What can worms teach us about ourselves?

Why Dr. Jihong Bai looks for commonalities between tiny nematodes and us
Microscope image of a nematode worm.
Minuscule nematodes have a lot to teach us about ourselves. Image courtesy of the Bai Lab

A tiny swimming, crawling worm may not seem like an animal that can tell us much about humans. But appearances can be deceiving.

“We actually face quite a lot of similar challenges as other animals on this earth do. They have to figure out how to survive, how to reproduce, how to find their food. Those things are fundamental,” said Fred Hutchinson Cancer Research Center neuroscientist Dr. Jihong Bai.

Meeting these challenges requires animals to act on their perceptions of the world around them. To understand the essential processes that shape how all animals do this, and the possible implications for human disorders, Bai studies the nervous systems of minuscule worms called nematodes.

Our last known link to nematodes lies millions of years in the past, which means that if we share a biological process, it’s likely to be the answer to a challenge that all animals face. For example, many of the molecules that worm neurons use to communicate with each other are also used by human neurons.

The trick to using nematodes to understand humans is to pick a relevant question, Bai said.

“We think about, ‘How do we understand the world?’” Bai said.

This question can lead to answers that inspire other scientists to take Bai’s findings and make links to vertebrates, humans, or even, someday, the clinic.

Dr. Jihong Bai
Dr. Jihong Bai uses worms as a starting point to understand fundamental neurological processes. Photo by Robert Hood / Fred Hutch News Service

Understanding behavior by tuning the nervous system

Bai studies the neural circuits that connect sensation with behavior, examining how information flows between neurons that sense the environment, through intermediary neurons, to the neurons that control worm muscles.

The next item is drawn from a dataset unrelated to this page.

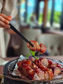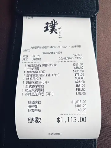 同男朋友喺西九文化区漫步后,嚟到呢间隐藏于文化园内嘅高级粤菜「璞」。全场楼底空间感足,仲有唔少人嚟包场办宴会,气氛优雅浪漫。今次试咗多款精致菜式,人均$879,每道都系视觉与味觉嘅双重享受!🌟 环境与服务· 宴会级场地配落地玻璃,望到西九夜景· 职员专业有礼,会详细介绍每道菜· 茶位用蜡烛保温,优雅得嚟保持茶温🍖 矿物质叉烧 ($268)|视觉系主打用西班牙黑豚肉制成,部位偏瘦但唔韧。上桌时用迷你炭炉保温,炭香随白烟飘散!最特别系配紫苏叶包住食,清新香气中和叉烧嘅蜜糖甜,创新得嚟又解腻~🍄 松茸菊花豆腐 ($198)|功夫之最将嫩豆腐切成盛放菊花形,每条幼度均匀!汤底清澈见底却暗藏玄机——松茸香气完全融入汤中,饮落鲜甜回甘,豆腐入口即化,简单中见功力!🥣 花胶酸辣汤 ($236)|温柔新演绎将传统酸辣汤改良,辣度与酸度减至三成,突出花胶丝、木耳丝同肉丝嘅鲜味。汤质浓稠滑溜,花胶份量足料,口感丰富又养生~🥗 柚子醋海蜇花 ($88)|开胃前菜选用海蜇最爽脆嘅「花」部位,配自家调制柚子醋。酸度明亮清新,唔似日式偏甜版本,更能带出海蜇嘅海洋鲜味!🍗 法葱油脆皮炸鸡 ($328)|惊喜之作去骨鸡件炸出玻璃脆皮,蘸上法葱与花椒调制嘅酱汁——葱香中带微微麻感,却唔会辣口!鸡肉保持嫩滑多汁,伴碟炸金蒜更添香口~🦞 龙眼肉泡胜瓜 ($228)|鲜甜极致用龙虾头熬制汤底,浓郁却唔厚重。胜瓜切成整齐小段,吸收汤汁后依然爽脆。龙虾肉弹牙鲜甜,汤汁可以直接当汤饮,鲜味萦绕不散!🍧 甜品双重奏· 陈皮红豆沙:绵滑起沙,陈皮香若隐若现,甜度恰到好处· 蔷薇燕窝奶冻:用上完整燕盏,丝丝分明。奶冻香滑颤动,奶香优雅不抢戏💎 整体评价▪️ 环境:宴会级装修,浪漫氛围满分▪️ 服务:细心专业,会因应用餐节奏上菜▪️ 食物:传统粤菜加入创新元素,每道都见心思▪️ 价钱:高级餐厅定位,质素对得起价格今餐体验绝对难忘,特别系菊花豆腐同法葱炸鸡展现嘅厨艺功力。推荐给想庆祝特别日子,追求精致粤菜嘅朋友!…查看更多

Neurons and molecules that help worms sense odors and temperatures are well understood.

“But the neuromuscular junction where actions are produced, or how signals go from sensation to the motor system — these are less well developed,” Bai said.

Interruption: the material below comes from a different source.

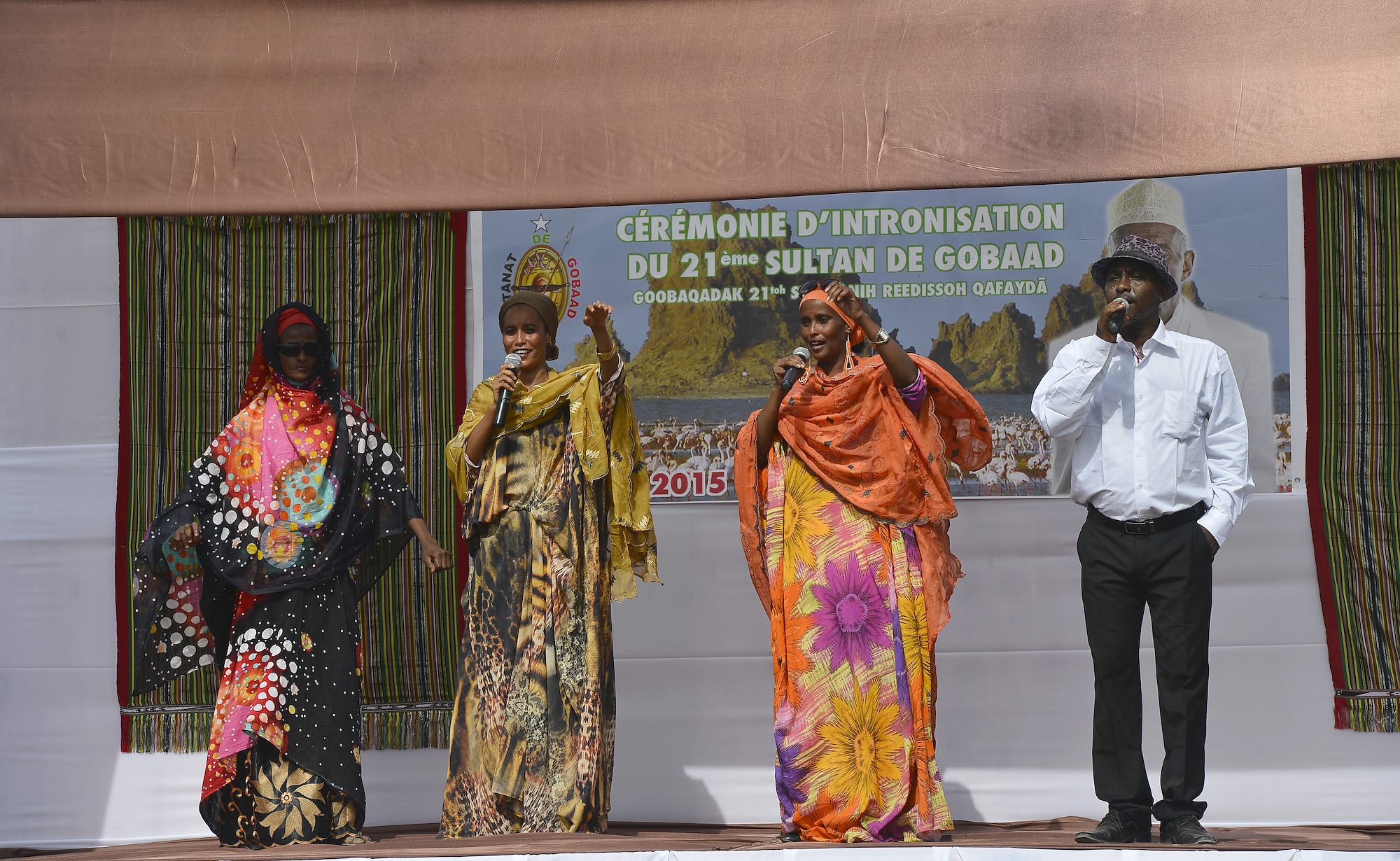 Singers perform at the 21st Induction Ceremony of the Sultan of Gobaad in Dikhil, Djibouti, May 22, 2015. Members of the U.S. Army’s 404th Civil Affairs Battalion, assigned to Combined Joint Task Force-Horn of Africa, attended the historical event. (U.S. Air Force photo by Senior Airman Nesha Humes)

These neural circuits are complex and interconnected — input through one sensory system can alter how information passes through another, and ultimately, how worms respond. As simple as they are, even nematodes must make complex decisions about how to respond to their world.

All these decisions come down to informational flow through interconnected neural circuits, like traffic through a city.

“I want to be able to engineer the nerve system to change the animal's perception, changing the animal's behavior by tuning the molecules,” Bai said.

He recently published work in which he was able to reroute worms’ broken neural circuits, revealing how these circuits work — the first step toward understanding how particular circuits underlie sensation and behavior.

Previously, scientists could only observe the neural map, but strategies like Bai’s have made it possible for them to better understand neural “traffic” flow by erecting barriers, widening “streets,” and connecting new routes.

“We can change the traffic flow now,” Bai said. “We can do infrastructure building, and understand the traffic flow of the ‘city’ better.”

Unexpected connection leads to Parkinson’s link

The links between basic research and human health often come from unexpected connections. Most recently, an unexpected connection helped Bai shed light on why drugs used to treat Parkinson’s disease, or PD, often cause movement difficulties in patients.

The neurotransmitter dopamine is often produced at lower levels by people with PD. So, doctors give a synthetic precursor called levodopa to raise their dopamine levels.

“But over time, patients develop movement disorders,” Bai said. Initiating or sustaining a rhythmic movement like walking becomes difficult.

Worms also rely rhythmic motions, in their case swimming and crawling, to get around. Once they’ve found their groove, the tiny creatures can easily swim for hours.

Bai’s team had showed that dopamine plays a role nematodes’ rhythmic actions, but hadn’t considered their findings’ implications for human health. But in 2017, when he gave a scientific talk at the Hainan Medical University in Haikou, China, a few clinically minded researchers in attendance wondered if worms could help them better understand levodopa’s side effects.

A collaboration was quickly born. Ye Xu, a graduate student in the lab of Dr. Zhibin Chen, joined Bai’s lab for a year and half to further explore the link between dopamine and movement. She found that dopamine regulates both the initiation of rhythmic motions like swimming and the maintenance of them — and that these two phases are controlled by different dopamine-detecting molecules. The team published the work in the journal iScience.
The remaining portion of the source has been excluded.